(Items from a dataset)
-*-*-
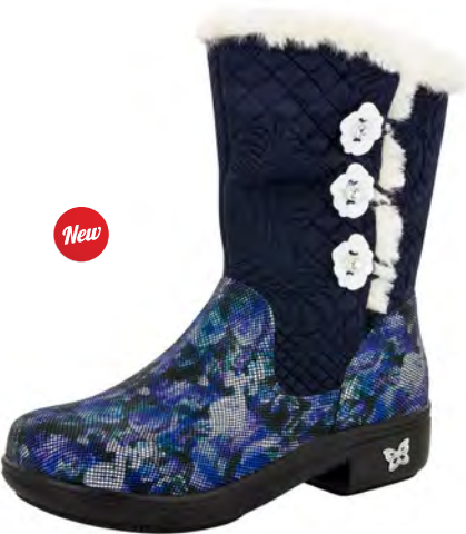
WINTER GARDEN NAVY | NAN-314
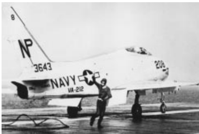
A squadron FJ-4B Fury preparing for launch from Lexington (CVA 16) during her 1959 deployment to WestPac.
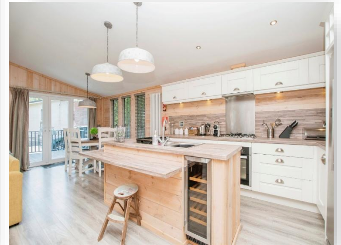
The Willows, Bacton Road, North Walsham NR28 0RA
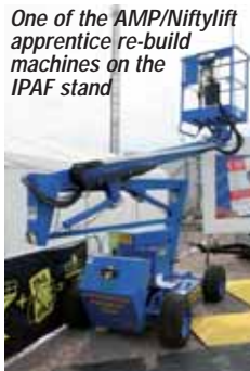
One of the AMP/Niftylift apprentice re-build machines on the IPAF stand
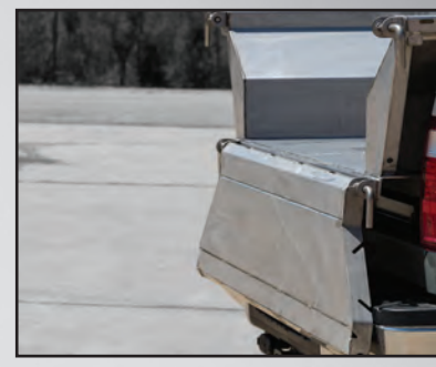
Double pivoting & removable tailgate
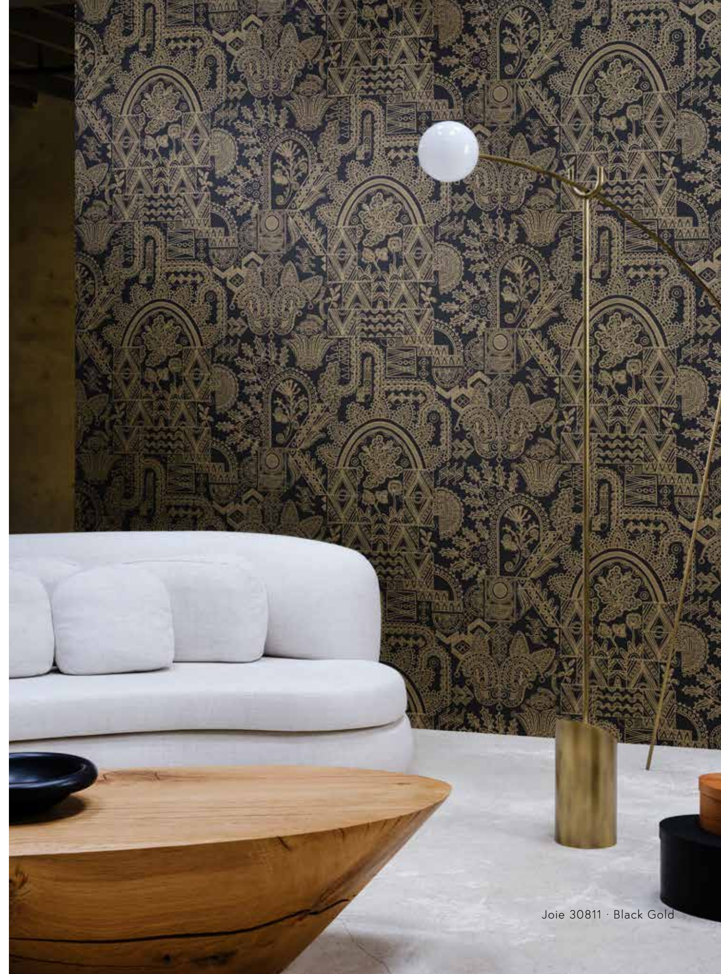
Joie 30811 · Black Gold

Dreamy 3D textile wallcovering with intriguing shapes and patterns
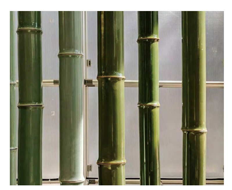
Bamboo Wall exhibited in Chiangmai Design Week 2019

Nowadays, the factory has its own capacity production up to 400,000 pieces per year. The factory has recently collaborated with Plural Designs Co., Ltd. launching a new product design for the special exhibition held during the annual event of "Chiang Mai Design Week 2019." Two interesting celadon items were exhibited: (1) Bamboo Wall, the bamboo imitation wall with
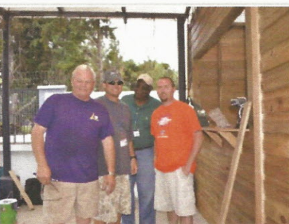
AMT Construction Project
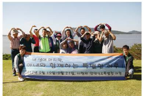
On Ganghwado, with members of Dail Little Heaven
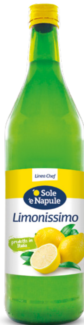
Limonissimo Vetro 1lt Lemon dressing 1lt
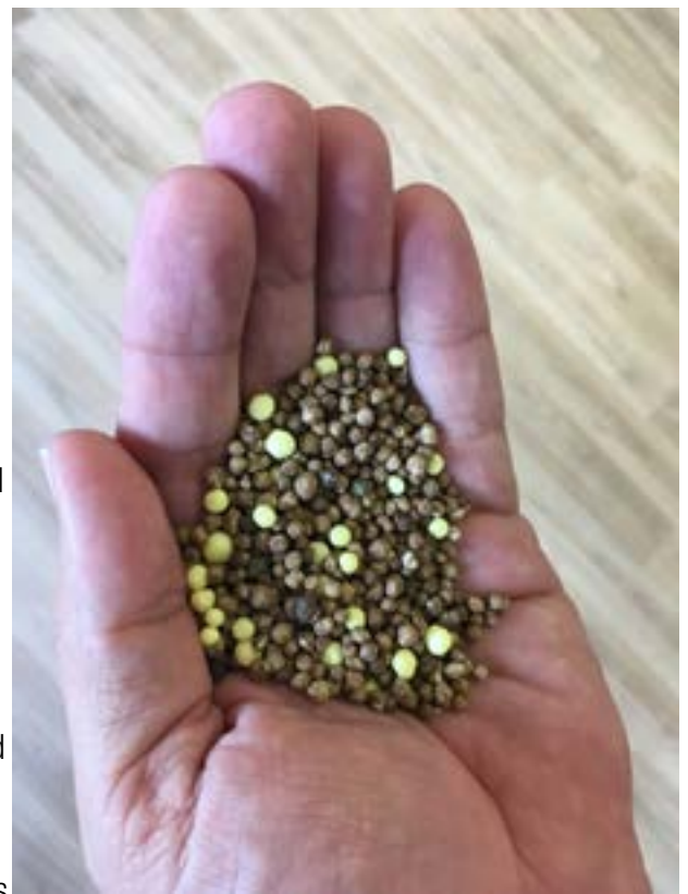
Barmac can individually customise blends of fertilisers and soil health and conditioning products.

Mr Ramsey said Barmac had a reputation for controlled-release fertilisers to better match crop demands – with traditional fertiliser components providing an upfront kick start for a few weeks, and controlled-release components continuing to release nutrients for several months.
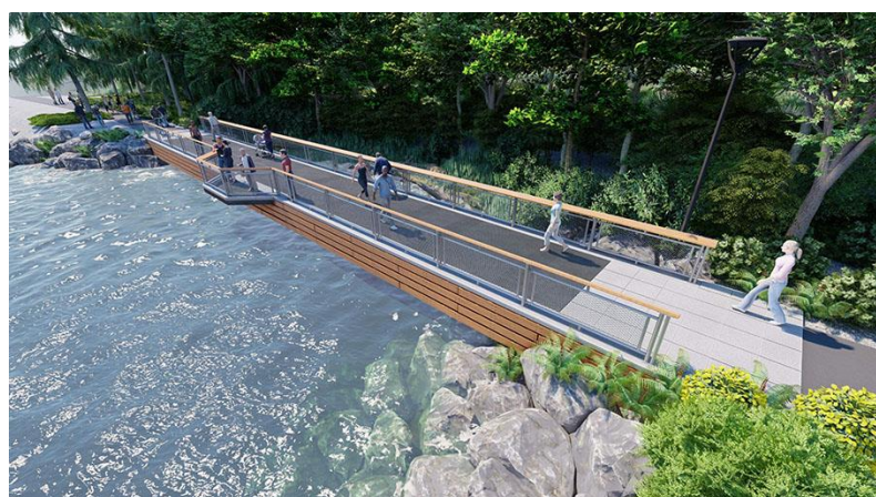
New trestle bridge at Gene Coulon Memorial Beach Park
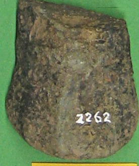
2262 BRONZE POT LEG. LOWER PITCHERS 807. B. PG. 2262. 00408814. 11-2-08
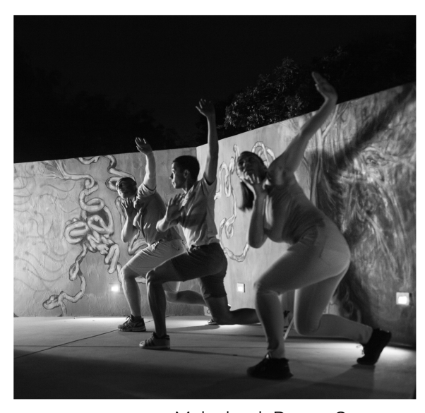
Malashock Dance Company at Foodie Soiréee 2015

By the end of 2019, Vanguard Culture will have hosted over 30 free or low-cost professional development workshops.
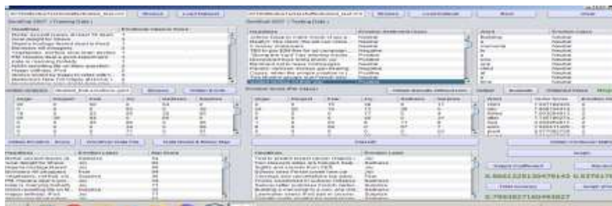
Fig No.2 :Experimental Result of Proposed Architecture
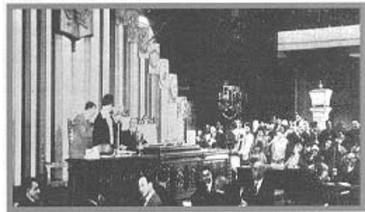
Doris Stevens, in her historic address to the Sixth International Conference of American States in Havana, calling for the recognition of women's rights in the Americas (1928)

Frustrated at being excluded from participation in the Second Pan American Scientific Conference (Washington, D.C., 1915-1916), a group of prominent women formed a parallel Pan American Women's Auxiliary Conference, which after meeting for several months concluded that, in order to advance the cause of women's rights in the Americas, a Pan American
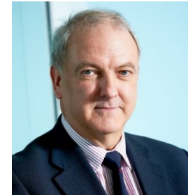
Prof Sir Bruce Keogh, NHS England Medical Director

“This review will enable us to identify good practice that can be used to inform a set of principles and standards that NHS organisations will be encouraged to use and adopt, making it easier for them to work with industry.”
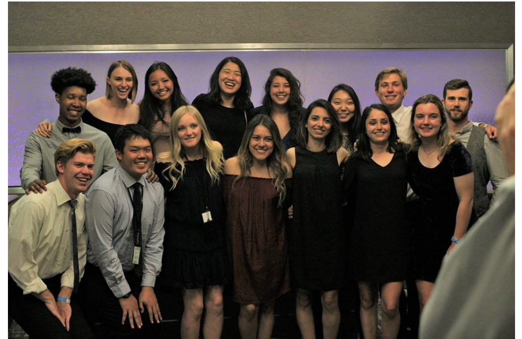
2016-2017 Executive Board
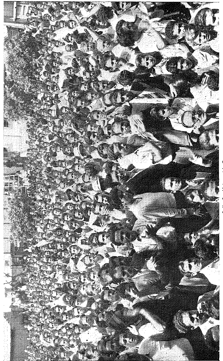
Rally for Union with Greece.

In October, 1946, the then Secretary of State for the Colonies, Mr. Creech Jones, declared in the House of Commons that H.M. Government decided to establish a more liberal and progressive regime in the internal affairs of Cyprus, including the establishment of a Central Legislature, that it will initiate a ten-year plan
-*-*-
## Exercise prompt
Set down exactly the lines running from the beginning of the entries above to the line that contains "Bamboo Wall exhibited", including both, and leave out pictures.

## Result of the task
WINTER GARDEN NAVY | NAN-314
A squadron FJ-4B Fury preparing for launch from Lexington (CVA 16) during her 1959 deployment to WestPac.
The Willows, Bacton Road, North Walsham NR28 0RA
One of the AMP/Niftylift apprentice re-build machines on the IPAF stand
Double pivoting & removable tailgate
Joie 30811 · Black Gold

Dreamy 3D textile wallcovering with intriguing shapes and patterns
Bamboo Wall exhibited in Chiangmai Design Week 2019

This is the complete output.